Tuesday, February 3, 2009

Cooking at RockBottom & the Mythical FTS Cookbookbook

The following entry, as Earl pointed out, has essentially nothing to do with the creamery and would not inspire anyone to buy our milk and ice cream, which, if you don't know, are truly amazing products of great effort by hard-working, interesting people and beautiful and patient animals. None of which will be discussed below. And so I will be calling the Web Guy in the morning and asking him to take down the link between the creamery website and the blog. Because it's really important for people to keep buying our products (and it would be great if just a few more families, like maybe 162, started drinking our milk regularly), and because I only like writing the plucky stuff, I think I had better break the link then spend some time writing copy for the website itself.
I'll get started on that first thing tomorrow. Tonight, however, it's all about The Cookbook.
I heard on the radio a few years ago that the average man thinks about sex every seventeen seconds. I asked a few men and they said that seemed about right. One, who I had previously suspected of using his time to ponder the future of agriculture in Vermont and the nature of true sustainability, said, "Well yeah. At least." I'm still pretty surprised about that, but informal research seems to be supporting the idea. Go figure. Me, I think about food.

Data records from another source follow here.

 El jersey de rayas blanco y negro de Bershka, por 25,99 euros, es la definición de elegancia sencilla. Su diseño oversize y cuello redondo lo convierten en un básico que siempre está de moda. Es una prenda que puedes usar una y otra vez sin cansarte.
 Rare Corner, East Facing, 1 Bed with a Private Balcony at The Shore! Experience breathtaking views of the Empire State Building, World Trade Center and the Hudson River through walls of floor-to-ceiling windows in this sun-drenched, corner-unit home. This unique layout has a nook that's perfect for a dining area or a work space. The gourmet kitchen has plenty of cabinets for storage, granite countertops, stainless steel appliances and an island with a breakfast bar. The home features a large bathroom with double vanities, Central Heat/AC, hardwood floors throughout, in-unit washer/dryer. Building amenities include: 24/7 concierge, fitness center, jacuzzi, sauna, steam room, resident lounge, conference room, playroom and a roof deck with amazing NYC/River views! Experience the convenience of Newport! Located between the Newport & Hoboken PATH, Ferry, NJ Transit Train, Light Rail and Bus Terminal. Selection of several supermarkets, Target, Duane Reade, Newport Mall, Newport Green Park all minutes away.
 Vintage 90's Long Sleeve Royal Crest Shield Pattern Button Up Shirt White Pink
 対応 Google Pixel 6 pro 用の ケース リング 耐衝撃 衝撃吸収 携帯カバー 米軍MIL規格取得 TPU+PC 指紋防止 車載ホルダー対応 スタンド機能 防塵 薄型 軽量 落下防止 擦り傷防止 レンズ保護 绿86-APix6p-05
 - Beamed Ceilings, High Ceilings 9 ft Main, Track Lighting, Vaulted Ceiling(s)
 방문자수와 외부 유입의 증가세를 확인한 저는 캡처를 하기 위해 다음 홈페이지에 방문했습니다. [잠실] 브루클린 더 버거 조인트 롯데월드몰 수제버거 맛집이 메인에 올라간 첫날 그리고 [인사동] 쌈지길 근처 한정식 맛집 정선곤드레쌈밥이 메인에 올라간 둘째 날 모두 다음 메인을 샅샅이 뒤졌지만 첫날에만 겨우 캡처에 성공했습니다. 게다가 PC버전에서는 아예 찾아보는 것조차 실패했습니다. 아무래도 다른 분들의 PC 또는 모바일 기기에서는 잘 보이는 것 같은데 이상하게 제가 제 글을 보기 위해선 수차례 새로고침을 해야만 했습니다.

If I had to put a figure on how much time I spend cooking or thinking about cooking, including animals and vegetables yet to born, grown, harvested and eaten, I'd say maybe 30% of my waking hours, maybe more. Some of that is because of the sheer volume of food that gets consumed around here--three meals, plus snacks, for six people and guests, every single day. The rest of it is because food is simply the most interesting thing I can possibly think of. If I can't fall to sleep at night, I play the alphabet game, thinking of ingredients that start with each letter--(Artichoke, Banana, Cassava Melon, Daikon, Eggplant) or recipes I hope to master someday (Asparagus Risotto, Banana Cream Pie, Chicken Cordon Bleu, Dal, Eclairs). I always fall asleep before Zebra Tomatoes or Zabaglione, but I have them at the ready and sometimes ponder whether the Zebras, which are ripe when they're green, could hold their own in a blind taste test or how Zabaglione differs from more traditional English custard.

When I don't have a specific food quandary, I think about the FTS cookbook. FTS stands for--WARNING, PROFANITY AHEAD, GENTLE BLEADER--Fuck that shit. As in, "Divide cold butter into eight pieces and blend into flour and baking powder with a pastry cutter until mixture resembles a coarse meal." Fuck that shit, man. I will instead suggest putting the butter in your back pocket while you do five other things and then, when it's good and soft, stir it into the flour with a whisk. Put the bowl outside in the cold or in the freezer while you do three other things, then dump the milk in, and you're most of the way to fluffy biscuits without ever having to chase a cold lump of butter around with the constantly bending tines of your pastry cutter, if you even have a pastry cutter.

Then I think about how anyone who would benefit from my time-saving biscuit trick would probably be put off by the extra step of putting the butter in his or her pocket. Perhaps even just the length of the explanation itself would be off-putting. Then I think that maybe I should just write my suggestion to Cook's Illustrated magazine and try to win a free year's subscription and hope that the people who used to make pastry cutters can find meaningful work in another sector. But I can't quite bring myself to mail it in, because if I give all my tricks away, even for a $24.95 subscription to a great magazine, what will I have left for the cookbook?

There are other suggestions and recipes, of course. There's Meatballs With Clean Hands and Tofu That Doesn't Suck and a whole imagined chapter on Cooking With Ketchup. The tips include how to shop with children (You are a military outfit on a reconnaissance mission behind enemy lines. The general has given us a list of the items we need to bring back to headquarters. They must be smuggled out by jeep, driven by corporal Oliver, who cannot be trusted and must not see anything that he will want to eat right away.) and how to buy your beef--whole animal, in the freezer, take out three cuts at a time, hamburger for right away, steak for the next day or two, and a roast to throw in the slowcooker for the weekend so the house smells like heaven on earth when you come in from skiing or milking the cows.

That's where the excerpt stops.